New Quebec health bill to restrict IVF treatments, impose quotas for family doctors
Quebec doctors and specialists call Bill 20 "catastrophic"
Doctors and medical specialists are calling the Quebec government’s proposed new bill, which would create major changes to the province's health care system, “catastrophic.”
Bill 20 — or, An Act to enact the Act to promote access to family medicine and specialized medicine services and to amend various legislative provisions relating to assisted procreation — would impose minimum caseloads for family physicians and would end universal funding for in vitro fertilization.
“The minister is abusing his power,” said Diane Francœur, president of the Quebec Federation of Medical Specialists.
Minimum caseloads for family doctors
The Liberal government's Bill 20 will impose minimum caseloads for family doctors and specialists — meaning some doctors will need to see more patients or face penalties if they don't.
Health Minister Gaétan Barrette said that while family doctors in other provinces see about 30 patients a day, Quebec's doctors see about 14.
As a result, he said too many Quebecers end up going to a hospital emergency room.
“Younger doctors do make the choice today to have a better quality of life. The issue of giving full services to the population seems not to be in the equation," Barrette said.
The Quebec Federation of General Practitioners says it's stunned by the proposed bill.
It said the government never took the time to discuss the problem with the province's doctors, adding that coercive measures have failed to work in the past and could affect the quality of medical care.
Barrette denied that he's pushing doctors out of the province.
“If they were to leave Quebec, they might face the impossibility of finding a job.”
Barrette said he hopes after the new law comes into effect in 2016, every Quebecer will have access to a family doctor.
Parti Québécois health critic Diane Lamarre said the bill puts too much focus on numbers while ignoring quality of care.
“Incentives and disincentives — this is not the way physicians want to work. They want to work in partnership and being evaluated with the good outcome they have with their patients,” Lamarre said.
IVF dropped from RAMQ
Bill 20 also includes a plan to suspend public health insurance coverage for in vitro fertilization.
In addition, only women aged 18 to 42 would have access to IVF treatment — after passing a psychological evaluation.
At a news conference Friday afternoon, Barrette expanded on the proposed bill.
He said some exceptions could be made for women who have tried other therapies but had failed to conceive. However, women who had had a tubal ligation, men who had had vasectomies or a parent or parents who already had one child would not benefit from this exemption.
He also said that doctors who advised their patients to seek IVF treatments outside of the province would be subject to hefty fines.

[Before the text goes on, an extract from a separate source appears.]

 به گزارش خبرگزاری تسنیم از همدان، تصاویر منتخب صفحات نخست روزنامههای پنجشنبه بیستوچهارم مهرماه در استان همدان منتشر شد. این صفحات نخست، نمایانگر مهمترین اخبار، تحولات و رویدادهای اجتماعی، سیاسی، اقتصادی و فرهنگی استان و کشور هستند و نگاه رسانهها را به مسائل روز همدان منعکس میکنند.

If passed, Bill 20 would also limit the number of embryos with which a woman can be implanted to one at a time, except for women aged 37 or older. They would be able to be implanted with two embryos.

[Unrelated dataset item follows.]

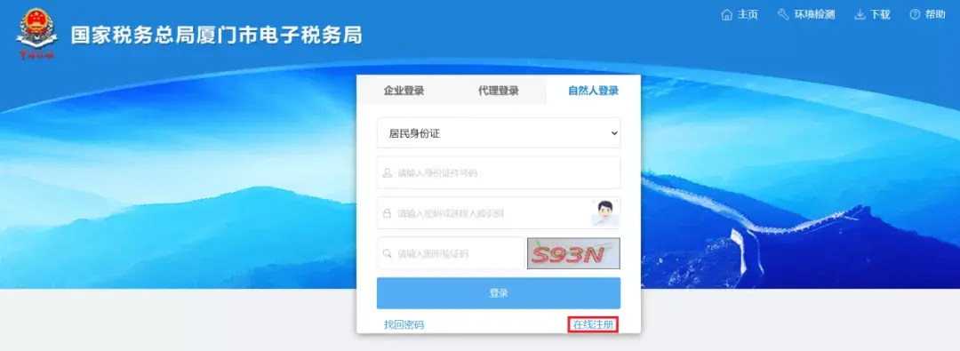 (2)若为自然人,请选择“自然人登录”,输入“证件号码”、“密码”、“图形验证码”,点击【登录】按钮。如果没有通过微信或支付宝小程序“厦门税务掌上办税厅”完成自然人电子税务局注册,可以使用【在线注册】功能生成登录密码再登录或“人脸识别”验证方式登录。
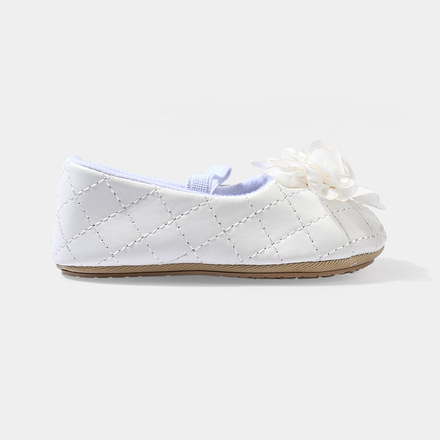 White shoes featuring a floral embellishment on the front and an elastic strap for easy wear and secure fit.

Under the proposed bill, the only assisted reproductive measure that would be covered by RAMQ is artificial insemination.

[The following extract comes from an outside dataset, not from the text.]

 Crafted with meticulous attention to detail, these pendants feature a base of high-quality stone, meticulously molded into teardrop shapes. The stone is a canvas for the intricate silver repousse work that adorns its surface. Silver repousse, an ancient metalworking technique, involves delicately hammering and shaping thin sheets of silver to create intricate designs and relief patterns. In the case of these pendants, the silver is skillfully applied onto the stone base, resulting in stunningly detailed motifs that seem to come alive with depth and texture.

Women seeking IVF would benefit from a variable tax credit, based on their income.
Infertile couples, fertility doctors furious
"We are blown away to see that infertile couples – who have long campaigned for recognition of infertility as a disease – are not being considered as they should be," said Virginie Kieffer, president of a Quebec association of infertile couples.
The Quebec organization representing fertility doctors says it will do everything in its power to defeat the provisions of Bill 20 that would end universal funding for in vitro fertilization.
Dr. Francois Bissonette called the decision "catastrophic,” adding that Quebec's inclusion of IVF treatment under medicare has been a model for the rest of the country.
IVF program a victim of its own success
The new bill is Barrette’s response to an IVF program that has been so successful that it overran its budget.
In his previous job as head of the Quebec’s Federation of Medical Specialists, Barrette criticized the program.
He called it an "open bar" and said it was not an essential service.
Quebec was the first province in Canada to fully fund IVF treatments.